Michel L. Fréchette a écrit le 25 novembre 2014

On peut imaginer que la Gaspésie puisse susciter un profond élan de contemplation tant elle est choyée d’immense richesses pour chacun de nos sens. Certains ont la grandeur d’être des citoyens du monde et de nous en témoigner la valeur car ils ont respectés ceux et celles qui les ont accueillis tout en partageant leurs convictions. J’aimerais rappeler à chaque citoyen qui prétend avoir un droit sur ce si petit territoire à peine plus grand que le Rwanda que le premier des devoirs de fiduciaire est celui de le protéger pour les générations futures et que le second est celui de l’inclusion. En prétendant que la Gaspésie est l’affaire des gaspésiens et des gaspésiennes alors qu’on nous lance un message d’ouverture sur le monde dans le respect le plus élémentaire, nous fermons sur nous la porte de notre prison et jetons la clé à la mer et ce, au nom de milliers de personnes qui ne souscrivent pas à cette déclaration qui déshonore les plus belles qualités de cette population. Il n’est pas plus grande solitude qu’une touche désaccordée sur un clavier.

Sébastien Pagé a écrit le 21 novembre 2014

Étant donné la restructuration profonde chez Orlean qui va dans le sens d'une forte diminution des services dans les régions. Il va s'en dire que le gouvernement devra, et va, du moins je l'espère, intervenir d'une façon ou d'une autre pour pallier à cette grave baisse de mobilité. Cela étant dit, je pense sincèrement que le Québec devrait réagir en laissant tomber le monopole d'orlean sur le tronçons qc-mtl. Si le gouv doit, de toute façon, intervenir pour les régions qu'il libéralise les grands axes et met fin à un monopolole inefficace pour les marchés où la demande peut justifier deux transporteurs.

Gaston Langkais a écrit le 21 novembre 2014

@Mme. France Lablee. Bonjour, Si les pays enclavés vous enchantent, portez vos regards sur l'Afrique. La Gaspésie, en passant, c'est l'affaire des Gaspésiens et des Gaspésiennes. Gaston Langlais - Gaspé.

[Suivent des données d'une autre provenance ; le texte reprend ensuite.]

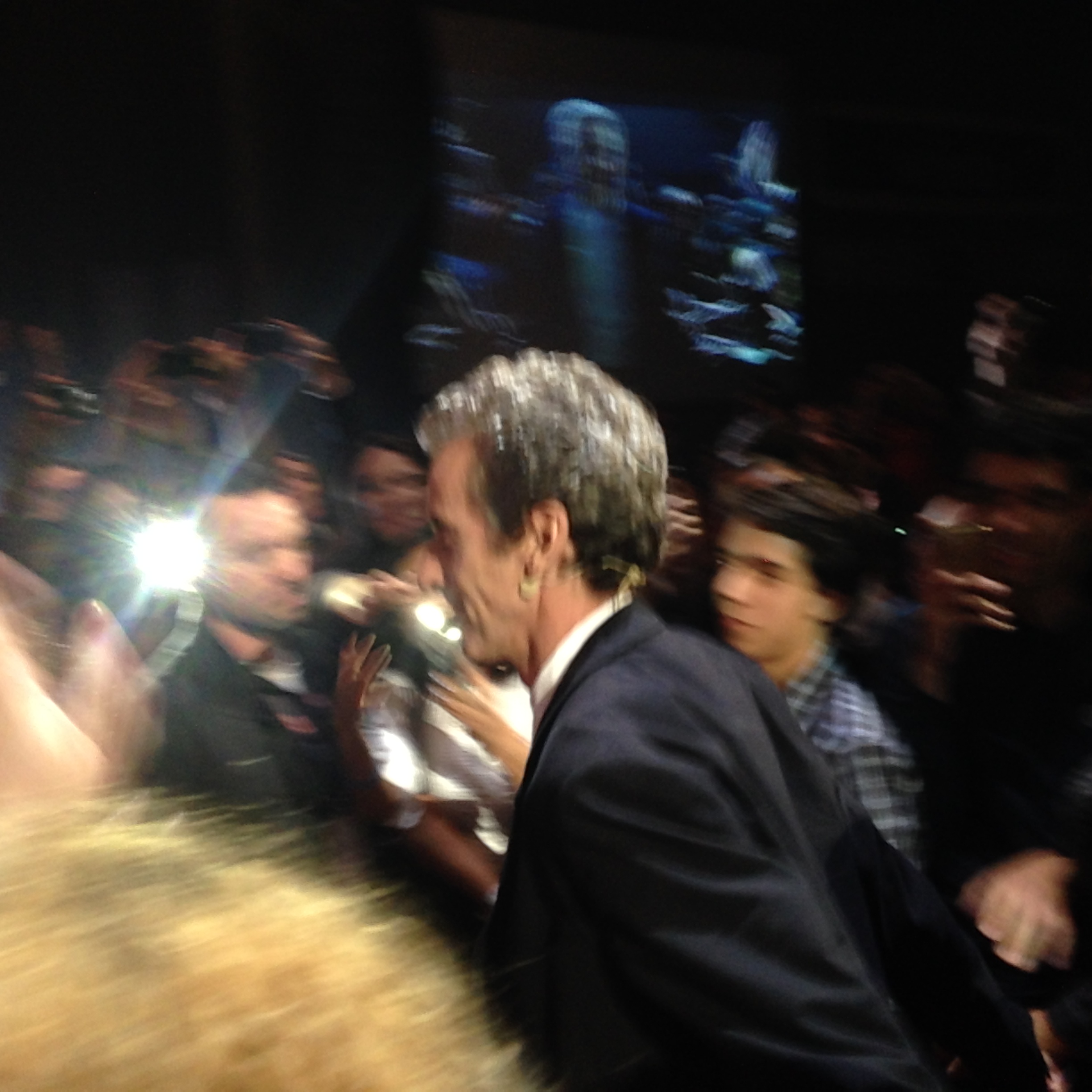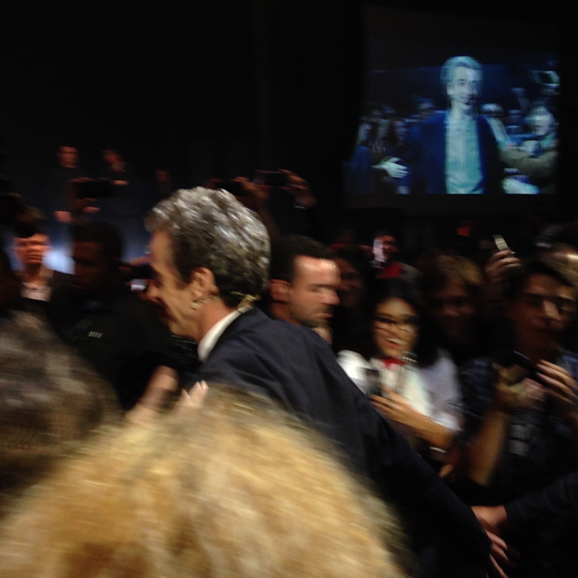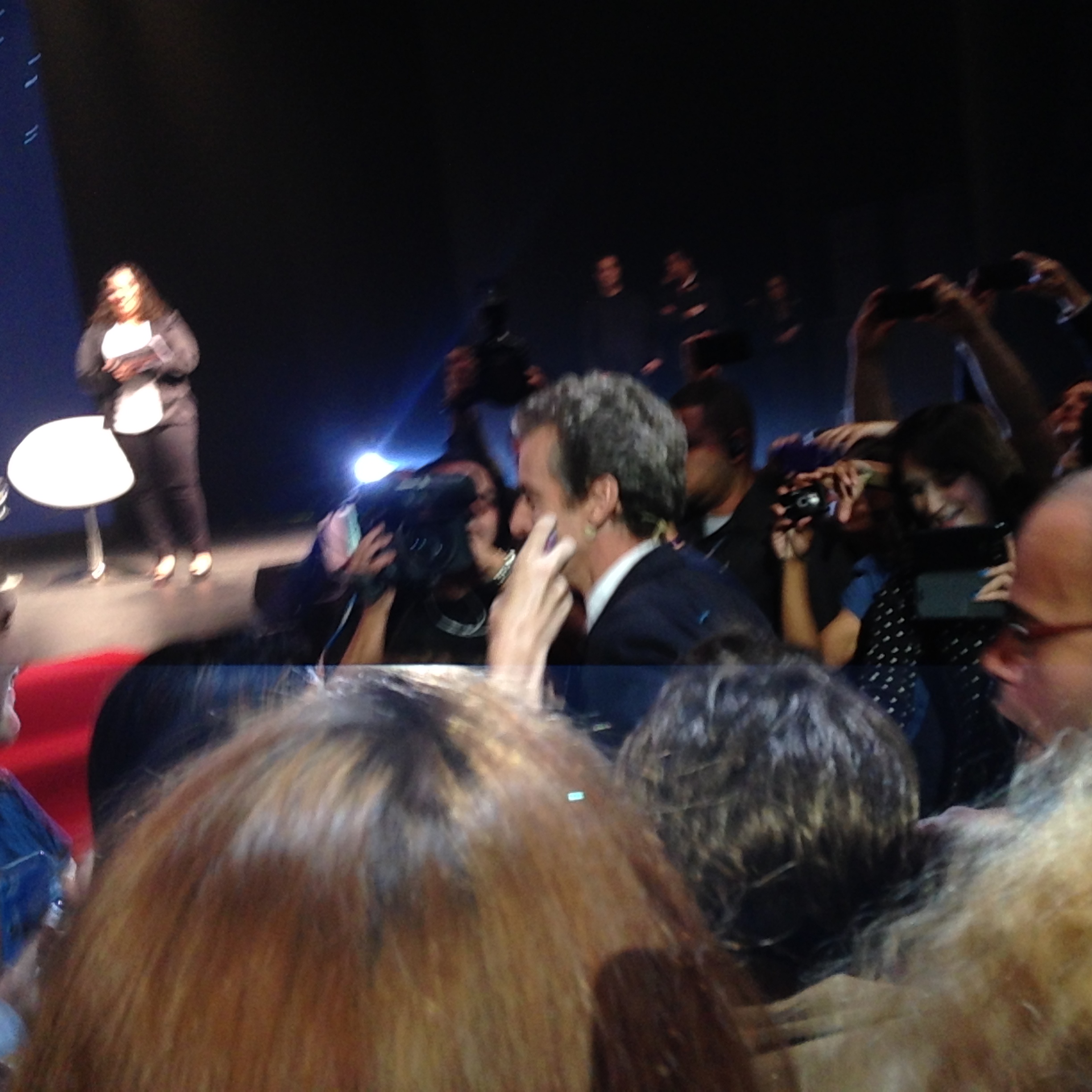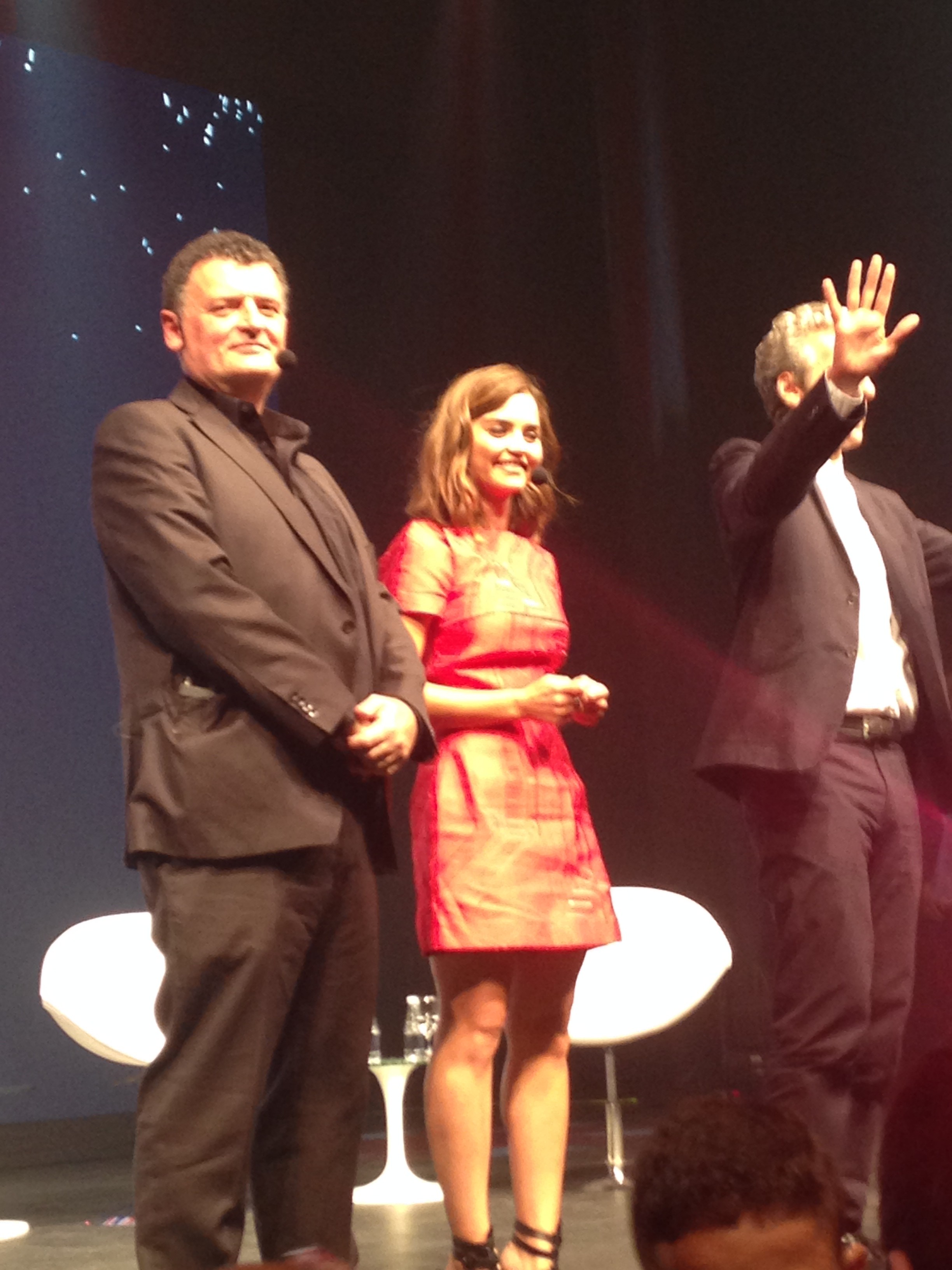 O primeiro a entrar no palco foi Steven Moffat, aka Moff, o ex-troll – que passou de um dos seres mais temidos do universo de Doctor Who para um dos mais carismáticos em questão de horas! Logo depois, Jenna Coleman foi recepcionada com mais aplausos da galera. E então o momento que todos estavam esperando chegou. Vindo do fundo do Vivo Rio, acompanhado por seguranças e passando pelo corredor, lá veio ele, PETER CAPALDI, o 12º Doutor! <3 <3

france Lablee a écrit le 20 novembre 2014

On s acharne vraiment a vouloir détruire ce magnifique pays intacte (pas pour longtemps), comme il y en a peu sur terre. Ils vont désenclaver ce magnifique pays, le détruire peu a peu et l exploiter au maximum au niveau des richesses en le détruisant encore plus Adieu tourisme Pas un politique n a eu la moindre imagination pour développer ce pays au niveau du tourisme international et maintenant massacrez le bien Bravo la race humaine est vraiment destructrice Bravo

Marc-André St-Pierre a écrit le 20 novembre 2014

Orléans : Québec affirme ne pas avoir « abandonné » la Gaspésie Ah ah ah ah ahaharrrrggggggggg. Je ne me suis jamais autant bidonné et me suis même étouffé. Québec n'a pas abandonné la Gaspésie? J'en suis certain. Ça va prendre du transport, quand même, pour nous sortir de notre région avec le travail de démolition qu'ils font actuellement.